Subject Re: [Firebird-Architect] Re: Special Relativity and the Problem of Database Scalability
Author Paul Ruizendaal
> Maybe you are suggesting a more radical approach ...

Yes, as I've mentioned before, I'm looking at something based on the Kemme
research, Stonebreaker's "rewrite" observations and some other intriguing
papers of the last half decade. The Kemme research summary is here:
Please read past the Postgres details that she used in her proof of
concept implementation -- it's irrelevant to her conceptual ideas.

> ... where a transaction
> executes completely locally recording all reads, probes (records that
> would have been read if they existed), and writes, then at commit time
> sends the log to a commit sequencer who maintains global state, and
> either rejects the commit for broad casts the log to all nodes to apply
> locally.

Yes that is pretty much the idea, although in the Kemme work the "commit
sequencer" is distributed.

> I suppose it could be made to work (the probes -- aka phantom
> control -- are very, very tricky). However, the commit analysis must be
> serialized. So either you're going to have to find a way to distribute
> the function or face a central bottleneck that limits the performance.
> But perhaps you can find a way around that problem.
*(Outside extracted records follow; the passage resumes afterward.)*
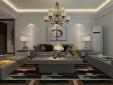 客厅的整体色调以白色为主,大面积白色背景墙与灰色布艺沙发相搭配,质感十足。墙上挂着一幅简约风格图案的画,颜色素雅淡丽,与整体设计很和谐。两边的白色台灯设计也与整个客厅色调非常搭配。地毯的颜色比较鲜艳,刚好有一个视觉冲击力,在一片素净的空间里增添一抹亮丽。
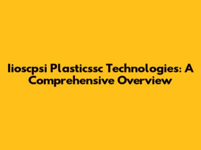 Iioscpsi Plasticssc Technologies: A Comprehensive Overview
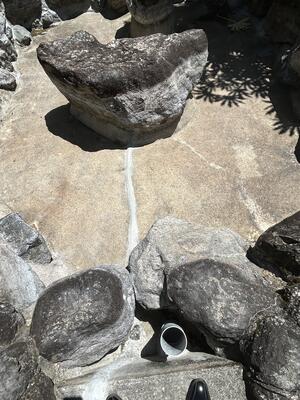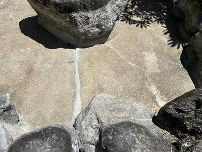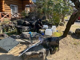 水位が下がっていたので、その都度、水を継ぎ足し継ぎ足ししていたのですが、魚を別の池に一時的に移して、ゴールデンウイーク中に、池の水を全て抜き補修をしていただきました。現在、補修したところを乾燥させているところです。補修が上手くいって、魚が泳いでいるところを見られるよう願っています。
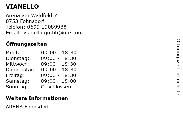 | Öffnungszeiten VIANELLO in Fohnsdorf anzeigen | |
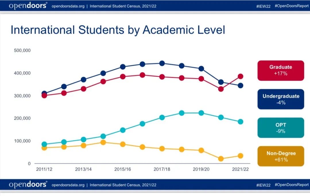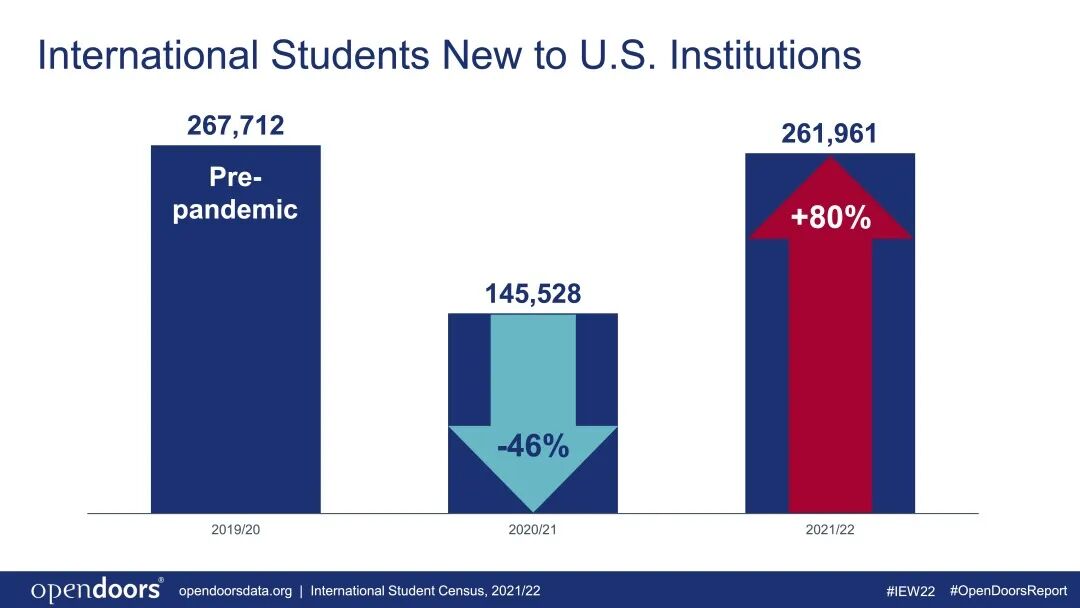 还有一点值得注意的是是,2021-2022学年在美国际新生有261,961人,同比增长了80%,基本恢复到了疫情前的水平。
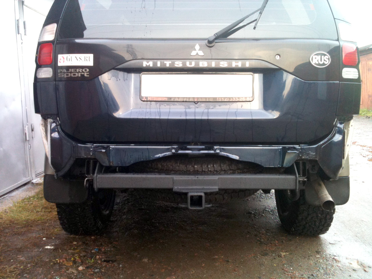Но есть один существенный минус: фаркоп идёт конкретно под Монтеро Спорт, на Паджеро Спорт возникли проблемы с установкой противотуманных фонарей (т.к. они значительно крупнее в глубину и ширину, чем катафоты у Монтеро Спорт)
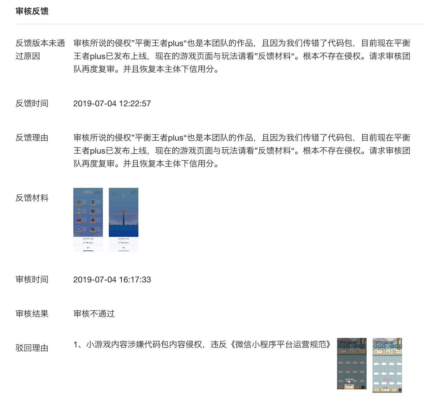 因为一个主体下只能有5个小游戏。所以我后来把唯我独仙这个小游戏放到了B主体下发布审核,审核团队一直说我是侵权了平衡王者的代码包,并且给了曾经在a主体下“唯我独仙”体验版的截图。可是这是曾经体验版的截图,并非上线的平衡王者。

As Roman pointed out there is the Paxos algorithm, two pages of pseudo
code in a textbook and about 3,000 lines of C code in the Google
implementation. The "spread" GCS library is quite established and only
some 25,000 lines of C code. Yes, this stuff is very tricky to get right,
but luckily it has been solved both theoretically and with proven open
source code.

> A transaction 1 on node A may not "see" all updates that occurred before
> it started. A transaction 2 on node B might have started, updated the
> record, and committed, but the reports of some or all of these might not
> have reached node A before transaction 1 started. This is OK because
> the resolution agent is going to tell transaction 1 that transaction 2
> beat him to the record.

The role of your 'resolution agents' and my 'distributed commit sequencer'
is pretty much the same. The question is which approach leads to the
minimum communication and maximum parallelism. Kemme ends up with a total
order on all write transactions and no order on read transactions. I think
that the total order on all write transactions can be further relaxed,
but I don't have that nailed down yet.

> Yes, the resolution agents can be said to enforce serialization of
> individual updates, but they don't force a serialization of
> transactions.

We need to be precise here. We have already established that resolution
agents enforce a consistent ordering on conflicting update transactions.
you mean by the above that no ordering is imposed on non-conflicting
updates, or that you disagree that conflicting updates get a consistent

I think you need to be careful using the term 'serialization' as it
suggests (at least to me) an identical sequence on all nodes. In my view
each node can have its individual serialization and the whole can still be
a consistent rdbms. The ordering terminology of GCS's allows us to be
precise about the tolerable differences in serialization on each node.

The question (again) is which approach leads to the minimum communication
and maximum parallelism. In my view establishing the minimum required
ordering is the first step in answering that question.

It sure is a pity I can't attend your talk.